Objectives
1. Synthesis and characterization of novel porphyrins and porphyrinoids; development of synthetic
tools for their efficient functionalization; exploration of their potential as
a) components for solar energy conversion devices,
b) model systems for heme enzymes to gain insight into mechanisms of dioxygen activation and other
small molecules,
c) photosensitizers in elaborate modular carrier systems for photodynamic therapy of tumors and
photodynamic inactivation of bacteria, fungi, molds, etc.
d) central parts of porphyrin-containing carbon-rich molecules and superstructures.
2. Synthesis and characterization of novel hexaphenylbenzene, hexabenzocoronenes and related
nanographenes;
development of synthetic tools for their efficient functionalization; exploration of their potential as
a) model systems for graphene to gain insight into charge and energy transport properties,
b) novel chiral carbon-based materials;
c) model systems for the controlled N-doping of graphene.
Scientific background
Porphyrins are ubiquitous dyes in nature which govern the most important transformations in living organism – making them aptly named “pigments of life”.
Their inherent photophysical, photochemical, and redox properties are likely responsible for their extensive appearance in Nature.

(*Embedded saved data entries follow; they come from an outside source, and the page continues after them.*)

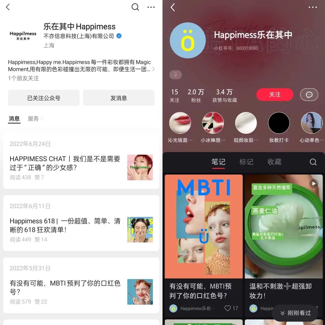仪美尚搜索发现,其官方微博已经于2022年2月暂停了更新。小红书官方账号最后一条内容则停留在了去年5月31日,官方微信公众号也于同年次月停更。另据国家药监局备案信息平台,Happimess乐在其中相关产品的最新备案时间显示为2021年10月。
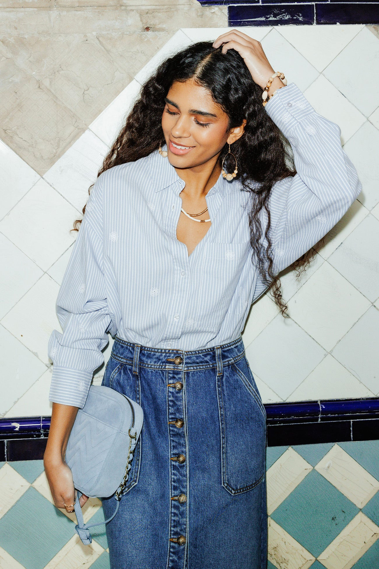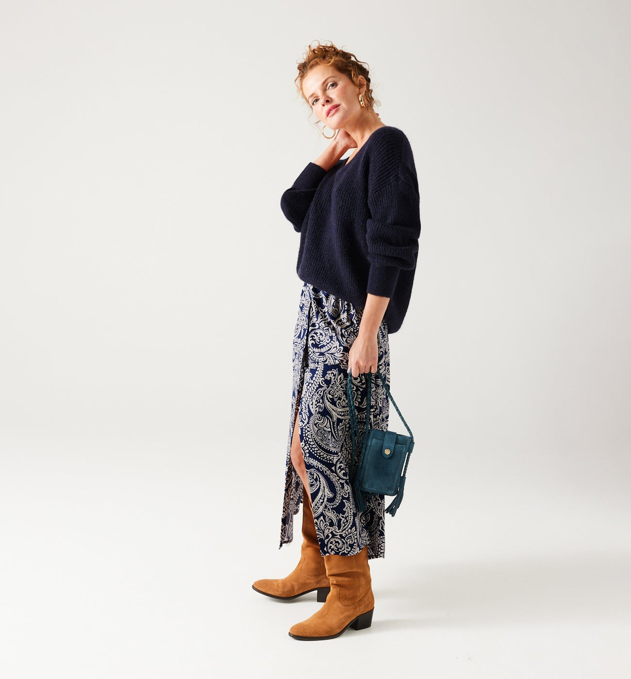 Jupe midi imprimée Femme - Imprimé bleu
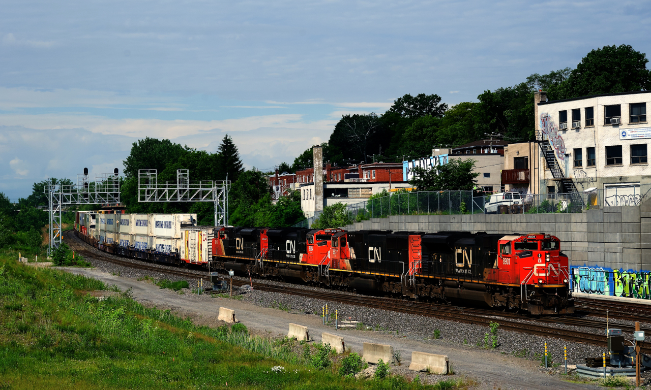 CN 120 unusually has four EMDs up front (as well as a test boxcar) as it approaches Turcot Ouest.
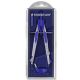 Compasso scolastico a frizione. Apertura rapida con tasti e regolazione micrometrica tramite vite centrale. Aste articolate. Per cerchi fino a D360mm. Astuccio a cerniera contenente innesto universale e mine di ricambio.
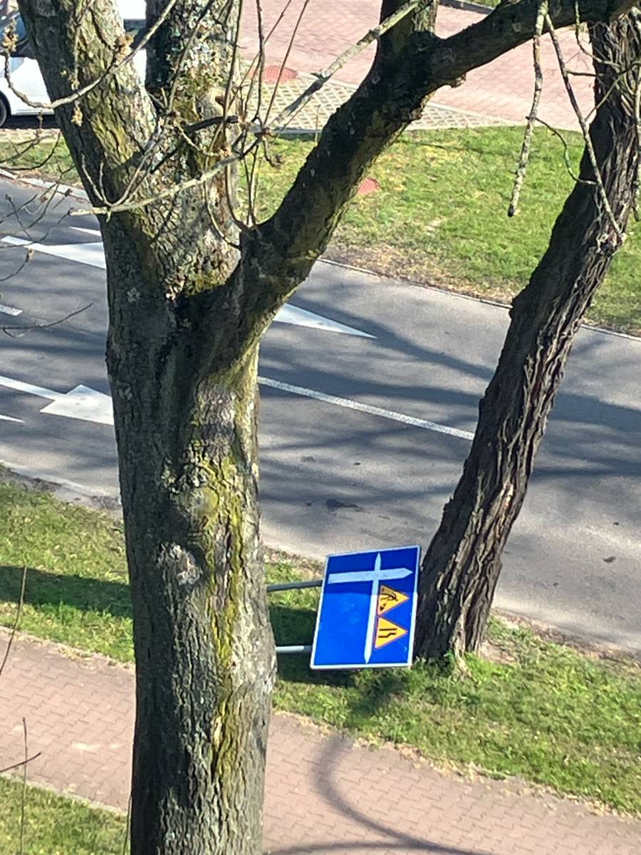 Na wysokości numeru 60 al. Niepodległości w Tychach leży przewrócony znak drogowy.
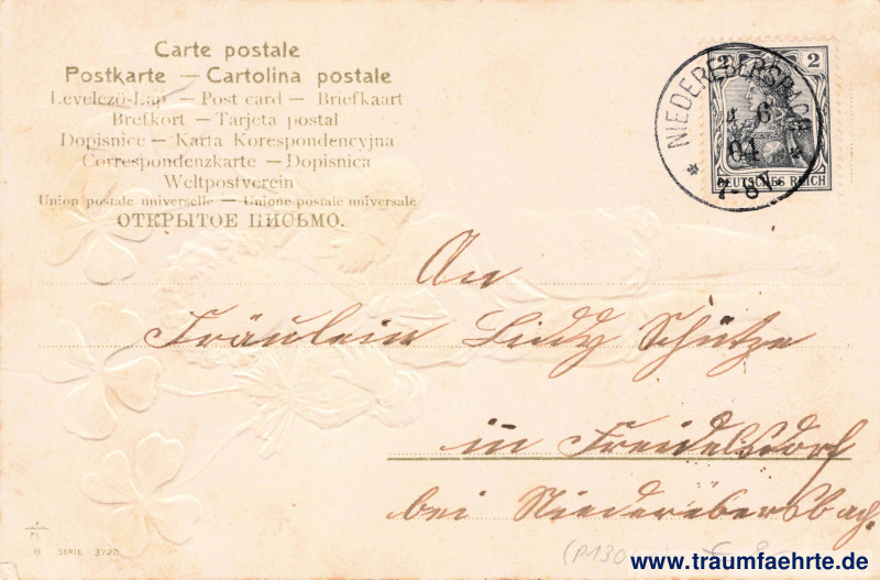 – Details – Jahr: ca. 1895 Status: gelaufen 1904 Beschriftung vorne: Ich gratuliere zum Geburtstag. Beschriftung hinten: Carte postale, Postkarte – Cartolina postale, Levelezö-Lap – Post card – Briefkaart, Brefkort – Tarjeta postal, Dopisnice – Karta Korespondencyjna, Correspondenzkarte – Dopisnica, Weltpostverein, Union postale universelle – Unione postale universale, Открыткое письмо. [PT], B, Serie 3720 Stempel: Niederebersbach, * *, [4] 6 04 7–8V. Hinweis:
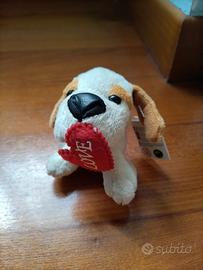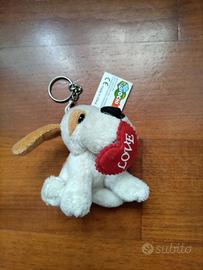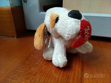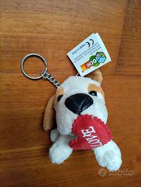 Piccolo Delizioso CANE PORTACHIAVI peluche romantico con cuore in bocca.
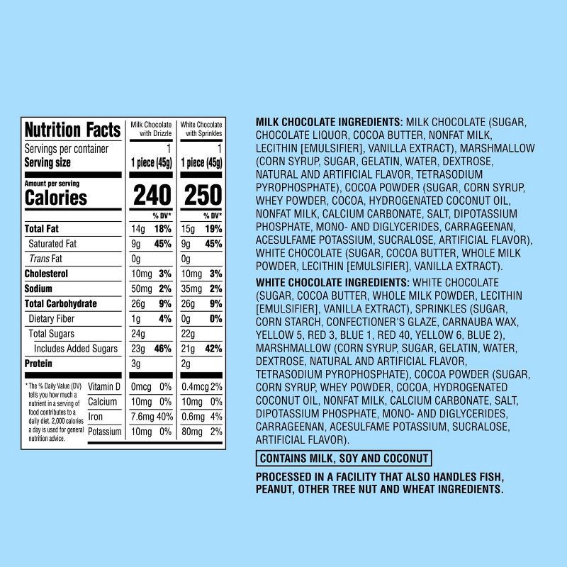 MILK CHOCOLATE INGREDIENTS: MILK CHOCOLATE (SUGAR, CHOCOLATE LIQUOR, COCOA BUTTER, NONFAT MILK, LECITHIN [EMULSIFIER], VANILLA EXTRACT), MARSHMALLOW (CORN SYRUP, SUGAR, GELATIN, WATER, DEXTROSE, NATUR…
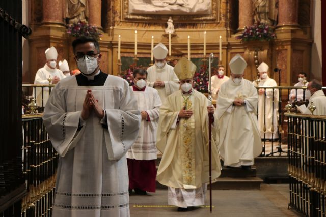 Después de la comunión, el nuevo obispo ha recorrido el templo catedralicio bendiciendo a los fieles, acompañado por el arzobispo emérito de Burgos, Mons. Francisco Gil Hellín, y el obispo auxiliar de Cartagena, Mons. Sebastián Chico Martínez.
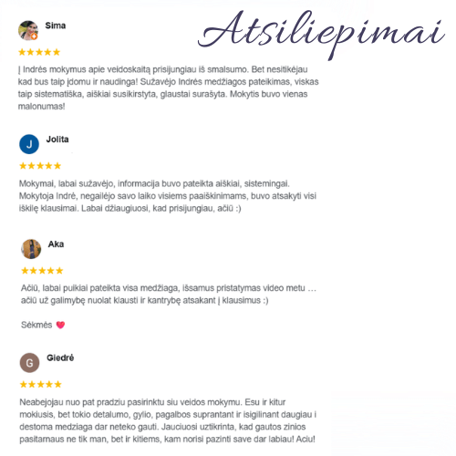 Kiekvienam mokiniui garantuoju bent 1 val. gyvo individualaus susitikimo su manimi kiekvienai temai!

In photosynthesis, porphyrins act as light harvesters in stunningly complex arrays, as electron donors in the reaction center and as electron transporting cofactors. In the respiratory chain, these cofactors play indispensable roles as dioxygen carriers, repositories and activators, the latter essentially delivering the “energy of life” in cytochrome c oxidase. It is not surprising that huge efforts are made to better understand these vital processes, because this may lead to improved artificial solar energy conversion in terms of light – energy – gathering and water splitting. As heme enzymes catalyze very important oxidations in nature, they are also in the focus of intense pharmaceutical research. Even without looking at Nature, porphyrins are fascinating molecules by themselves. They are able to form complexes with all metal ions, some half and even non-metals, often with several oxidation states available and strongly varying coordination geometries. Porphyrins act as sensitizer for singlet oxygen, thus are able to generate highly reactive species from dioxygen in the presence of light. This process, although detrimental in Nature, is used in the photodynamic therapy of tumors (PDT) as well as the photodynamic inactivation of germs. The highly polarizable π-electron system of porphyrins, their ability to either take-up or give-up two electrons in often reversible manner offers a high potential in molecular electronics. In contrast, nanographenes such as hexabenzocoronenes are more or less fully synthetic molecules. Given the fascinating properties of graphene, scientists around the world started to explore its potential in materials applications. A deeper understanding of carbon-rich materials can be obtained by looking at smaller parts or cut-outs of graphene, carbon nanotubes or fullerenes. Thus, hexabenzocoronenes have emerged as very useful model systems which are investigated by many groups worldwide.